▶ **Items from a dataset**

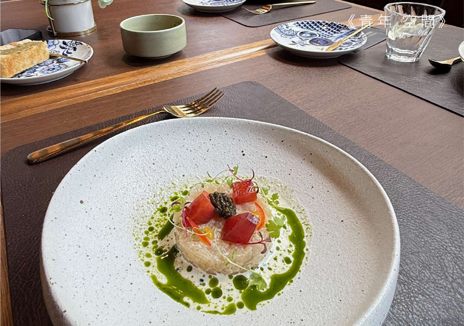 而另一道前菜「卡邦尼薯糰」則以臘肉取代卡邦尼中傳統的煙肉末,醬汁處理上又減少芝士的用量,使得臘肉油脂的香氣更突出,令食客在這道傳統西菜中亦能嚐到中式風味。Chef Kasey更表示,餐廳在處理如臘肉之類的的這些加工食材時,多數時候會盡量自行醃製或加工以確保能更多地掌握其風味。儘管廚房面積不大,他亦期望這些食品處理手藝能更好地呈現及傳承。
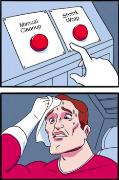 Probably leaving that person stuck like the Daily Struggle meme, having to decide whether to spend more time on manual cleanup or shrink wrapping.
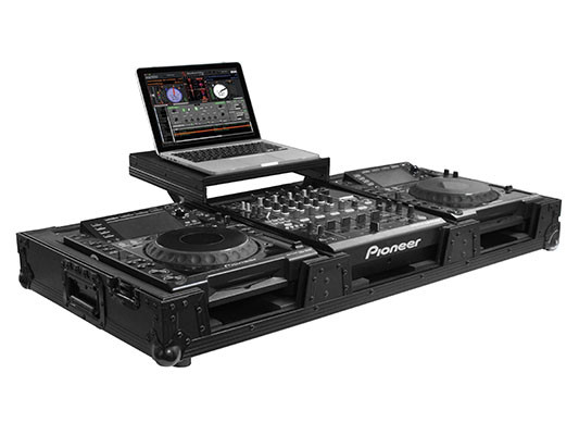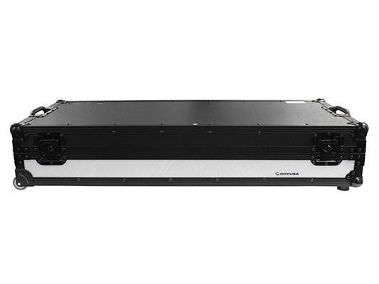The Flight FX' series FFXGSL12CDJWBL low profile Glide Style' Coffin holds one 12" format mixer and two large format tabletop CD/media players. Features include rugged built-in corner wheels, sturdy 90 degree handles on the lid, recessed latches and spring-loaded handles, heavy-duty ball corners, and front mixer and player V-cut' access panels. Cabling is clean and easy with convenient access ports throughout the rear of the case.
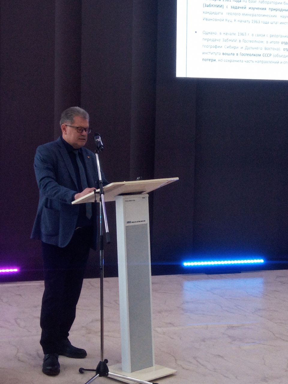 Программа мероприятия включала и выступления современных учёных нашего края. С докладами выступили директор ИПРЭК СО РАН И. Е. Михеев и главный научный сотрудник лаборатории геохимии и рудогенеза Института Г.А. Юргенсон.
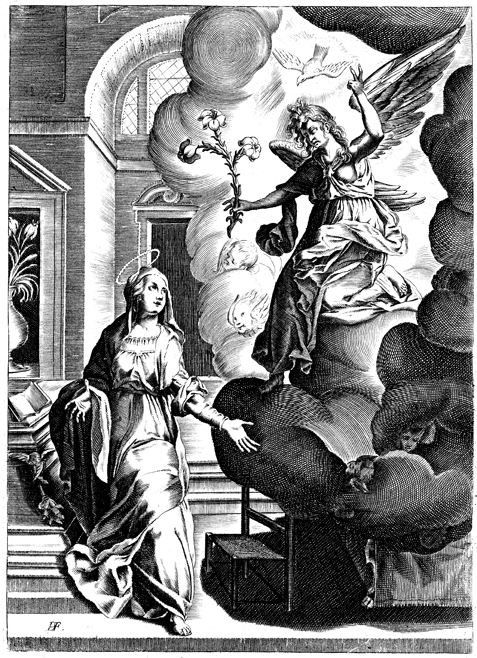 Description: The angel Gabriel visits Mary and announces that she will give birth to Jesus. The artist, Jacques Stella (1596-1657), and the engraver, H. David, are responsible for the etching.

▶ **What needs to be done**
Exclude the pictures, then retype every record exactly.

▶ **Response to the exercise**
 而另一道前菜「卡邦尼薯糰」則以臘肉取代卡邦尼中傳統的煙肉末,醬汁處理上又減少芝士的用量,使得臘肉油脂的香氣更突出,令食客在這道傳統西菜中亦能嚐到中式風味。Chef Kasey更表示,餐廳在處理如臘肉之類的的這些加工食材時,多數時候會盡量自行醃製或加工以確保能更多地掌握其風味。儘管廚房面積不大,他亦期望這些食品處理手藝能更好地呈現及傳承。
 Probably leaving that person stuck like the Daily Struggle meme, having to decide whether to spend more time on manual cleanup or shrink wrapping.
The Flight FX' series FFXGSL12CDJWBL low profile Glide Style' Coffin holds one 12" format mixer and two large format tabletop CD/media players. Features include rugged built-in corner wheels, sturdy 90 degree handles on the lid, recessed latches and spring-loaded handles, heavy-duty ball corners, and front mixer and player V-cut' access panels. Cabling is clean and easy with convenient access ports throughout the rear of the case.
 Программа мероприятия включала и выступления современных учёных нашего края. С докладами выступили директор ИПРЭК СО РАН И. Е. Михеев и главный научный сотрудник лаборатории геохимии и рудогенеза Института Г.А. Юргенсон.
 Description: The angel Gabriel visits Mary and announces that she will give birth to Jesus. The artist, Jacques Stella (1596-1657), and the engraver, H. David, are responsible for the etching.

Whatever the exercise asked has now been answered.